The temperature adjusting unit 6 is provided for maintaining the internal ambient of the product storage chamber 4 at a desired temperature level and is configured so as to include an evaporator 6a, an electric heater 6b, and an air blowing fan 6c for a refrigeration cycle. In the temperature adjusting unit 6, when the air blowing fan 6c is driven while the refrigeration cycle is being operated, for example, because the air cooled by the evaporator 6a is sent upward through the ventilation holes formed in the product chute 5, it is possible to maintain the product storage region in a low-temperature state. In contrast, when the air blowing fan 6c is driven while an electric current is flowing through the electric heater 6b, because the air heated by the electric heater 6b is sent upward through the ventilation holes formed in the product chute 5, it is possible to maintain the product storage region in a high-temperature state. In this situation, although not illustrated, a compressor, a condenser, and an expansion valve for the refrigeration cycle are all provided in a machine chamber 7, which is provided on the outside of the product storage chamber 4.

The product storage racks 10 are three columns arranged in the front-and-back direction. Each of the product storage racks 10 includes a plurality of (two, in the illustrated example) product storage passages 13 that are formed so as to meander along the up-and-down direction by passage structuring elements 12 provided between a pair of base lateral boards 11. On the inside of each of the product storage passages 13, a plurality of products can be stored along the up-and-down-direction, while each product is in a laid-down posture extending sideways. More specifically, the passage structuring elements 12 are provided so as to face each other on the front side and the rear side of each of the product storage passages 13 and are fixed to the base lateral boards 11. With these arrangements, in each of the product storage racks 10, the two product storage passages 13 are provided so as to be positioned adjacent to each other in the front-and-back direction. In the following sections, in each of the product storage racks 10, the product storage passage 13 on the front side may be referred to as a first product storage passage 13a, whereas the product storage passage 13 on the rear side may be referred to as a second product storage passage 13b.

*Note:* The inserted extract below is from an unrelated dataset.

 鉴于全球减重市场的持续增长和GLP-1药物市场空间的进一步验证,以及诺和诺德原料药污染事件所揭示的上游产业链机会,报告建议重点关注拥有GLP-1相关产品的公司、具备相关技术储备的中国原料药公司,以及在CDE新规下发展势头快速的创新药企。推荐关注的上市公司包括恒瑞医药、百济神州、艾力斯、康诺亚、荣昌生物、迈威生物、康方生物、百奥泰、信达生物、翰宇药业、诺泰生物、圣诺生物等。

Further, the passage structuring elements 12 are provided with flappers (not illustrated). The flappers are swingably arranged with the passage structuring elements 12 so as to advance into and retreat from the product storage passages 13. The flappers are urged by coil springs (not illustrated) so as to be in the posture of having advanced into the product storage passages 13 in a normal state. Further, as a result of abutting against a product passing through any of the product storage passages 13, the flappers correct the posture of the passing product by making a retreating move so as to fit along the meandering product storage passage 13, against the urging force of the coil springs.

Each of the product storage racks 10 is provided with top trays 14 positioned in an upper part of the product storage passages 13 and with a product dispensing device 20 positioned in a lower part of the product storage passages 13.

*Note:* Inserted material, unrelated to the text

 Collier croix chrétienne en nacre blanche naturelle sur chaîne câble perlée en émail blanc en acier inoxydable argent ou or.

Each of the top trays 14 is structured by bending a flat metal sheet and is provided between the base lateral boards 11 so as to be gradually sloped downward from the front toward the rear. The top face of each of the top trays 14 structures a product guiding passage 15 that guides the products that are input through an input slot to the corresponding product storage passage 13.

FIGS. 2 to 4 each illustrate any of the product dispensing devices 20 illustrated in FIG. 1. FIG. 2 is a side view from the right side. FIG. 3 is a perspective view from the right front side. FIG. 4 is a perspective view from the right rear side.

As illustrated in FIGS. 2 to 4, the product dispensing device 20 includes one product discharging device (which hereinafter may be referred to as “first product discharging device”) 20a and the other product discharging device (which hereinafter may be referred to as “second product discharging device”) 20b. The first product discharging device 20a and the second product discharging device 20b are combined together and are positioned back to back with each other. FIGS. 2 to 4 each illustrate a situation where no products are stored for the first and the second product discharging devices 20a and 20b structuring the product dispensing device 20.

FIG. 5 is a perspective view from the right rear side of the first product discharging device 20a illustrated in FIGS. 2 to 4. In the following sections, a configuration of the first product discharging device 20a will be explained. After that, the second product discharging device 20b will be explained.

FIGS. 6 to 8 are schematic drawings for explaining the right side view of a relevant part of the first product discharging device 20a illustrated in FIGS. 2 to 5. In the following sections, the configuration of the first product discharging device 20a will be explained, with reference to also FIGS. 6 to 8 as necessary.

The first product discharging device 20a is applied to the first product storage passage 13a and is provided in a lower part of the first product storage passage 13a. The first product discharging device 20a includes a base 21 and functions so as to store products in the first product storage passage 13a in a standby state and so as to deliver corresponding products to the product chute 5 one by one in a driven state, by controlling behaviors of the products in the space formed thereby with a passage width regulating board 16 opposing thereto.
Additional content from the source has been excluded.